Let me tell you a cautionary tale, one you probably already know...

Your company has some burdens, costs of doing business where you live.  Could be property taxes, licenses, etc.  Mandated costs that you have a legal obligation to pay.  You price your product to make sure you cover those costs, but even then you don't have full control over your prices.  There are still limits to the price for which you can realistically sell your product.

Then some business from out-of-state, one who has lower costs because of his geographical advantages and lack of obligations, comes in and wants to sell what you sell, but at a lower price.  Of course, he is only doing it to gain market share and hopefully put you out of business, nothing different than you would do.

Then only difference is that he has no skin in the game.  He pays nothing to your state.  He employs nobody in your area.  He doesn't even have to follow all the same rules you have to follow.

As he takes away your market share, you don't just lose profits.  You lose the ability to cover those fixed costs, those legal obligations.  You have to either find ways to charge more to your existing customers, or go out of business.  It is a lose-lose proposition.

And when you can no longer pay your obligation to the state, the local economy loses and more people are out of work, thus scrambling to find the lowest cost anything, regardless of the consequences.  It is a vicious downward spiral.  To top it all off, at the end of the day, there is no control over what this out-of-stater might do after you are gone.

Seem unfair?

Some of you might think I'm talking about the Main Street Fairness Act, sales tax, and Amazon.  Funny thing is that there is a parallel problem going on that also fits this story all too well.

Electricity.

The State of Michigan has regulations and burdens on the two utilities - Consumers Energy and DTE - including making them invest heavily in renewable energy - a worthy but expensive venture.  The state also requires them to have the ability to offer power to every potential customer in the state.  And the state controls the prices they can charge to their customers.  Currently the state allows a 10% cap on out-of-state electricity to be sold in MI.  Some people want to raise that cap to potentially near 40% - but without releasing our two utilities from their expensive burdens.  Sure, a few people would save money on electricity for a short period of time, but the ramifications to the economy would be felt far beyond the savings.
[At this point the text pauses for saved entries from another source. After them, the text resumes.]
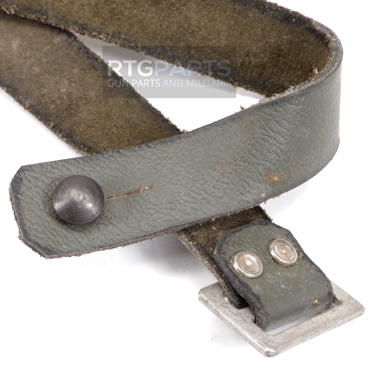 Hard to find, original green leather sling for the M39 Mosin Nagant. Includes green sling with riveted metal buckle and metal stud. Surplus very-good condition and in great working order.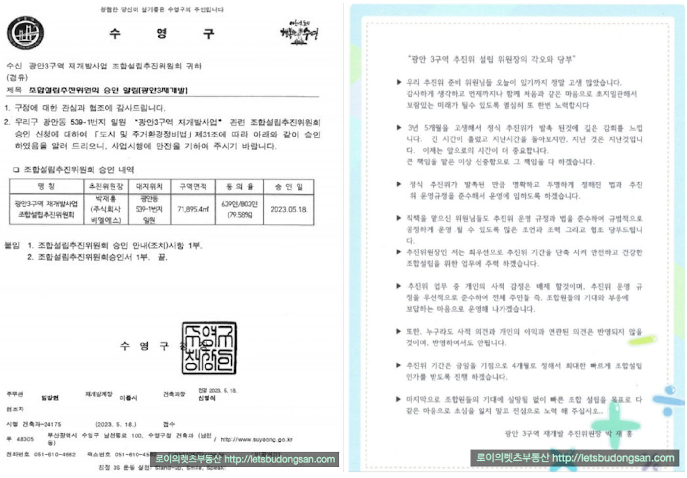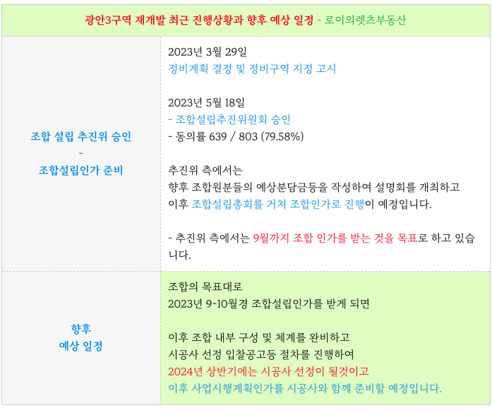 시세좋은 광안3구역 재개발 최근 진행정리와 1.55 인수 소액 매물등 소개 드리겠습니다.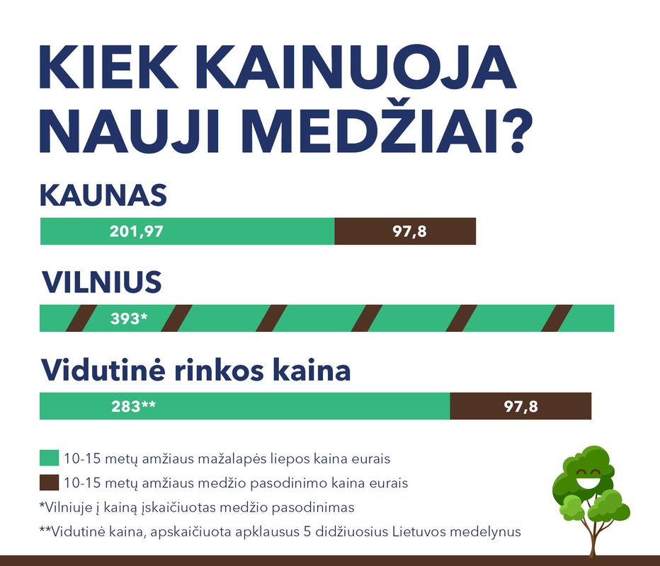 Kaune vieno tokio dydžio medžio pasodinimas kainuoja 97,8 Eur. Įvertinus viešai prieinamus šaltinius, keturiuose didžiausiuose šalies medelynuose vidutinė vieno tokio medžio kaina siekia apie 283 Eur.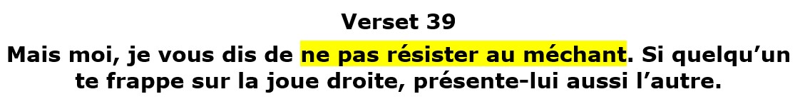 Ce verset, très mal compris et très mal interprété, ne signifie pas qu’il faut, lorsque l’on se fait frapper, en redemander. En vérité, il signifie que si un méchant nous offense, il ne faut pas lui résister.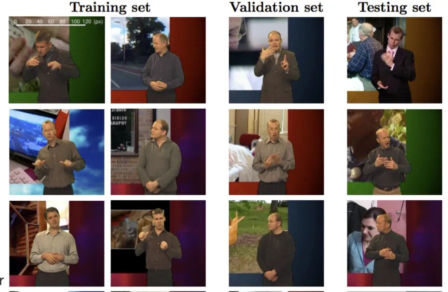 BBC Pose 包含 20 个视频(每个视频长度为 0.5 小时至 1.5 小时),由 BBC 录制,并配有手语翻译。这 20 个视频分为 10 个用于训练的视频、5 个用于验证的视频和 5 个用于测试的视频。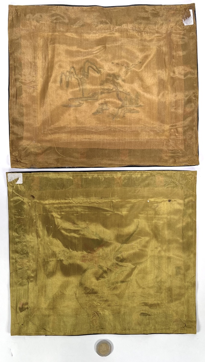 Chinese zijdeborduurwerken, circa 1900–1930, uitgevoerd in zijde en borduurgaren in een traditionele stijl. Een paneel met een gestileerd berglandschap met kraanvogels en een paneel met een floraal motief met vogel. De afbeeldingen zijn omrand met een zijden patroonrand in goud en blauw. Wil je direct deelnemen? Plaats vanaf 21 november alvast een schriftelijk bod via onze website! |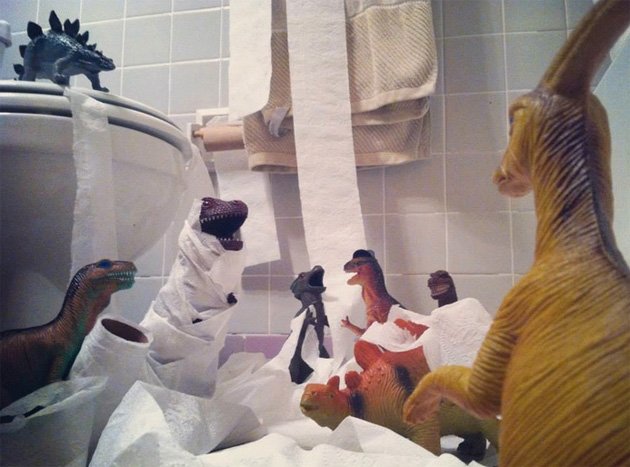 Está muy bien que sean educados y vayan al baño, pero ¿era necesario gastar tanto papel higiénico? el tiranosaurio rex parece la momia de Tutankamón !!!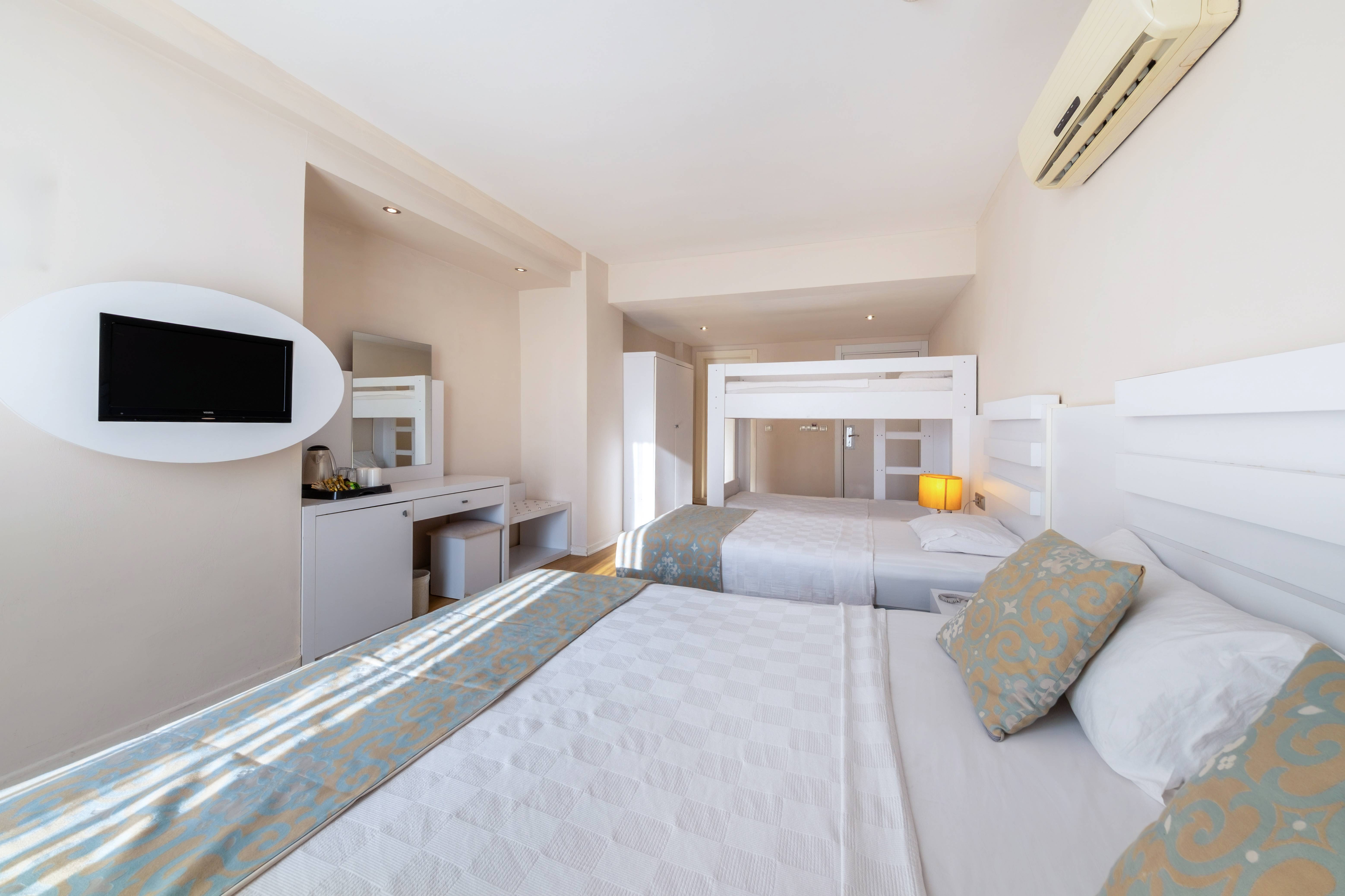 Разполага с общо 130 стаи от които: 24 Economy room (мансардни) стаи (18m2), 46 Standard room (25m2) оборудвана с 1 двойно легло или 2 единични легла ,баня и балкон., 18 Standard Swim up стаи (25m2) оборудван с 1 двойно легло или 2 единични легла и баня , разполага с тераса с шезлонг., 8 Standard Family room (30m2) оборудванa с 1 голямо легло, 1 малко легло, двуетажно легло, балкон или тераса , 18 Bungalow Swim up (25m2) луксозен изцяло дървен дизайн, на входа на хотелската част, с директен достъп до басейна пред хотела), 8 Bungalow Deluxe Suite room (30m2) с тераса за слънчеви бани, 8 Bungalow Family room (35m2) с дървен дизайн, разположени в близост до основния басейн, разполагат с 2 спални и 2 бани с тоалетни
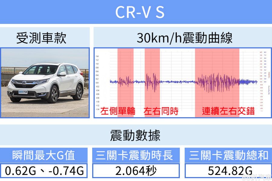 在時速30km/h震動測試中,CR-V在數據上明顯無優勢,不但G值高、時長久,震動總和也達到524.82G,實際上衝擊感也相對明顯,面對連續左右交錯關卡時,也因懸吊無法快速吸收震盪,讓車身搖晃程度略大一些。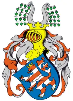 The coat of arms of Thuringia shows the lion of the Ludowingian Landgraves of 12th-century origin. The eight stars around it represent the eight former states which formed Thuringia. The flag of Thuringia is a white-red bicolor, derived from the white and red stripes of the Ludowingian lion. The coat of arms and flag of Hesse are quite similar to the Thuringian ones, since they are also derived from the Ludowingian symbols.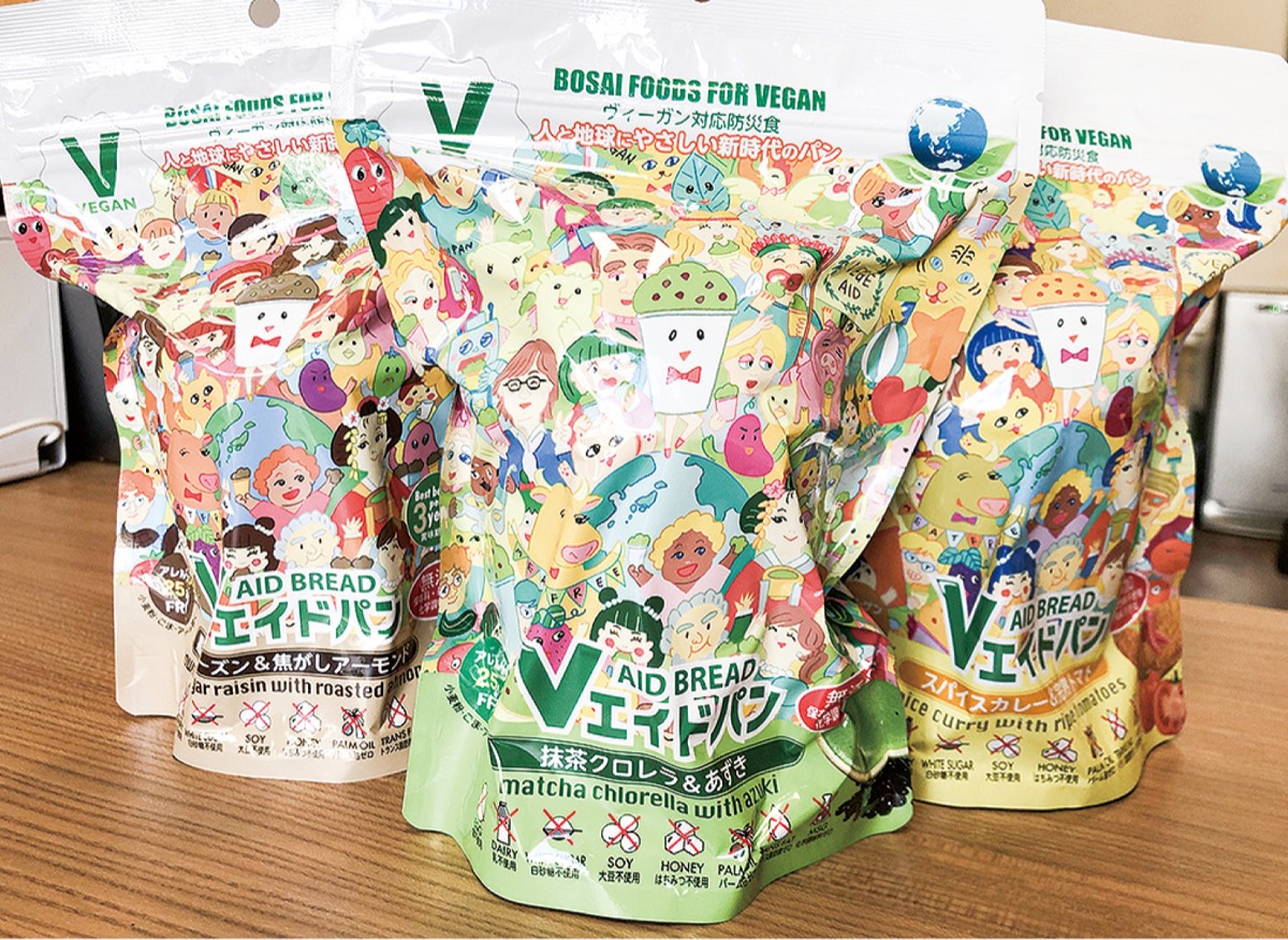 肉や魚だけでなく、卵や乳製品といった動物由来のものを一切口にしない完全菜食主義者であるヴィーガン対応の防災食「Vエイドパン」が、反町の漢方薬局・大丸薬局の店頭に置かれている。3種類の味のうち「抹茶クロレラ&あずき味」には、区内沢渡に関東支店を置くクロレラ工業が生産している、緑色植物の原点で単細胞緑藻の「筑後産クロレラ」が配合されている。ヴィーガンに対応した防災パンの開発は、世界初の試みだという。

You would think that with all the discussion on the Main Street Fairness Act and what allowing Amazon to work without the same burdens as other businesses is doing to local economies everywhere, people would get the ramifications.  Instead we have to fight the same old fight one industry at a time.

The song remains the same.  Maybe we need to change the dance?

-Phil Wrzesinski
www.Philsforum.com

PS  This is a departure from my usual types of posts.  I don't like to get political, just want to point out that the same conversation we are having here in retail is happening in all kinds of industries.  Before anyone bashes me about free market, etc., I get the concepts of free market economies and competition and how at the end of the day the customer should be in control.  The two issues here are first, that the market isn't free.  Different companies face different - legally mandated - burdens.  And second, the customer doesn't understand the economic impacts beyond his or her own pocketbook.  Someone somewhere has to pay for lower prices.